Items listed in a dataset:
══════════

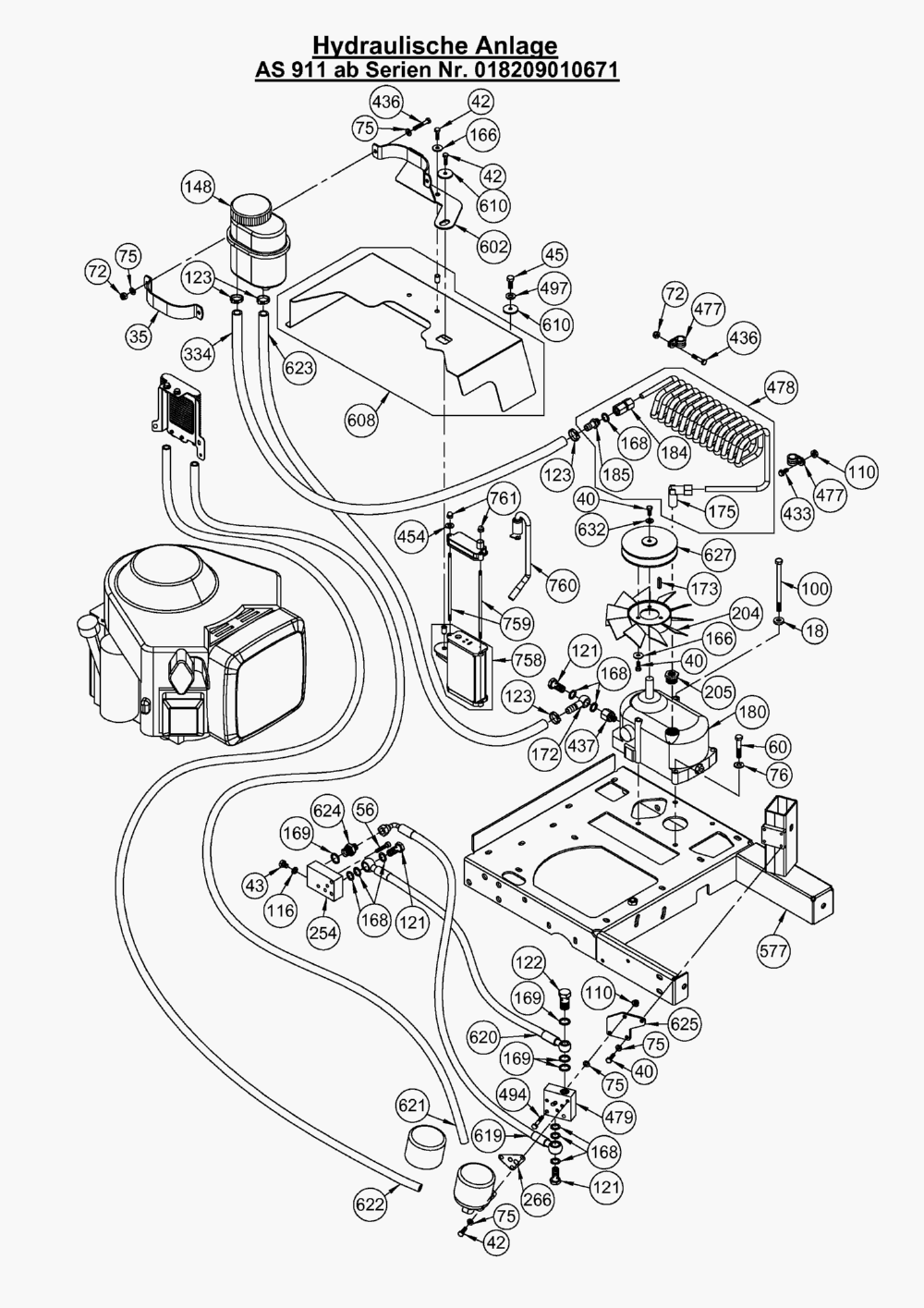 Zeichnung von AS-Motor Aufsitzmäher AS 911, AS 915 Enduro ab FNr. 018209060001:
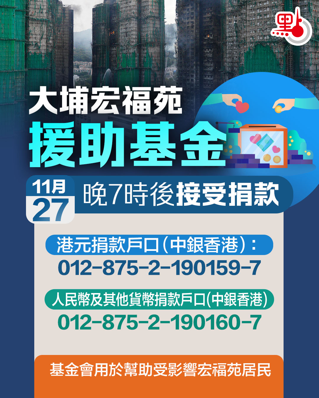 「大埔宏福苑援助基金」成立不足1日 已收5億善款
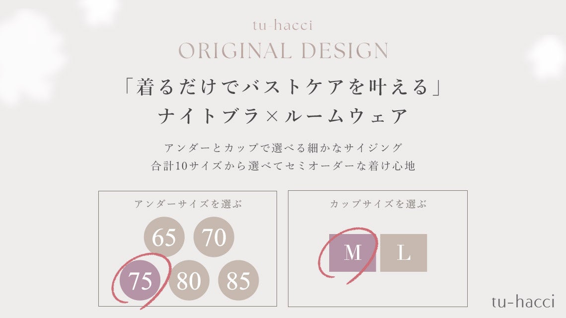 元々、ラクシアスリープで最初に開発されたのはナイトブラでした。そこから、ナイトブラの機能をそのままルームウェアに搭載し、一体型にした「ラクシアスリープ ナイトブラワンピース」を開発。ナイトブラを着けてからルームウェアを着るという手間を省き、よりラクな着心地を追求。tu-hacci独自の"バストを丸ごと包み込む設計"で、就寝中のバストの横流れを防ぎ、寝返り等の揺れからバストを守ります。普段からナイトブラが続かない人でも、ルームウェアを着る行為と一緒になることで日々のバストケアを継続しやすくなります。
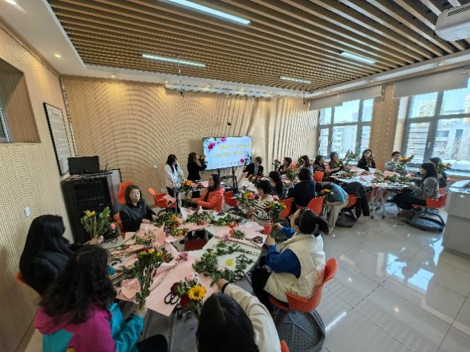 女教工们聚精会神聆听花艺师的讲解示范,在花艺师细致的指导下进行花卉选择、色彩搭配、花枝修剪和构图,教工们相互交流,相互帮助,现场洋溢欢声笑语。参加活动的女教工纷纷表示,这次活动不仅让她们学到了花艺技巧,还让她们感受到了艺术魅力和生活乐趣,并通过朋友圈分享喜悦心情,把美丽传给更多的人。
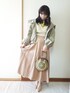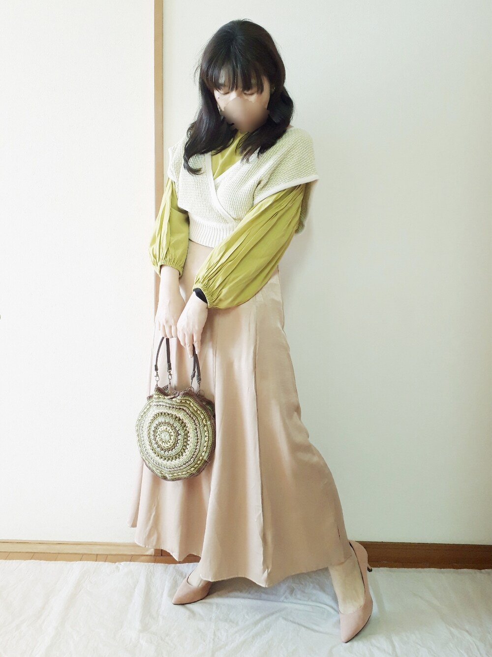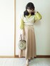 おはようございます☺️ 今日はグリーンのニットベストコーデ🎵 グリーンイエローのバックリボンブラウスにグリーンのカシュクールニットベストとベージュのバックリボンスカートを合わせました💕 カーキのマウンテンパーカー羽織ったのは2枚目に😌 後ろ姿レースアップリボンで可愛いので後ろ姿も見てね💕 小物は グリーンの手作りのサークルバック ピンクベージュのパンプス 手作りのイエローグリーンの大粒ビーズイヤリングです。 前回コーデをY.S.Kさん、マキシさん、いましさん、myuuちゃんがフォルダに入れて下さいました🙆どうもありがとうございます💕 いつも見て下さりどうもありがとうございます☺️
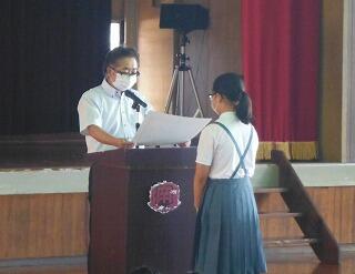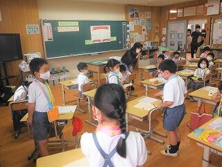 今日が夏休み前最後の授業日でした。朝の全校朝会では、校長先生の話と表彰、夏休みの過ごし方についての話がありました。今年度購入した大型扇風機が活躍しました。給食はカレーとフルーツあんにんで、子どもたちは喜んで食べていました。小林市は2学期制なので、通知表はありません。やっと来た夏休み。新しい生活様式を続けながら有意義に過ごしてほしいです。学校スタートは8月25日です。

══════════

REQUIRED WORK: Nothing but the lines from the one with "女教工们聚精会神聆听花艺师的" up to and including the one with "カーキのマウンテンパーカー羽織ったのは2枚目に😌 後ろ姿レースアップリボンで可愛いので後ろ姿も見てね💕 小物は" should be printed, exactly as they read above. Please keep the pictures out.

COMPLETED TASK:
 女教工们聚精会神聆听花艺师的讲解示范,在花艺师细致的指导下进行花卉选择、色彩搭配、花枝修剪和构图,教工们相互交流,相互帮助,现场洋溢欢声笑语。参加活动的女教工纷纷表示,这次活动不仅让她们学到了花艺技巧,还让她们感受到了艺术魅力和生活乐趣,并通过朋友圈分享喜悦心情,把美丽传给更多的人。
 おはようございます☺️ 今日はグリーンのニットベストコーデ🎵 グリーンイエローのバックリボンブラウスにグリーンのカシュクールニットベストとベージュのバックリボンスカートを合わせました💕 カーキのマウンテンパーカー羽織ったのは2枚目に😌 後ろ姿レースアップリボンで可愛いので後ろ姿も見てね💕 小物は グリーンの手作りのサークルバック ピンクベージュのパンプス 手作りのイエローグリーンの大粒ビーズイヤリングです。 前回コーデをY.S.Kさん、マキシさん、いましさん、myuuちゃんがフォルダに入れて下さいました🙆どうもありがとうございます💕 いつも見て下さりどうもありがとうございます☺️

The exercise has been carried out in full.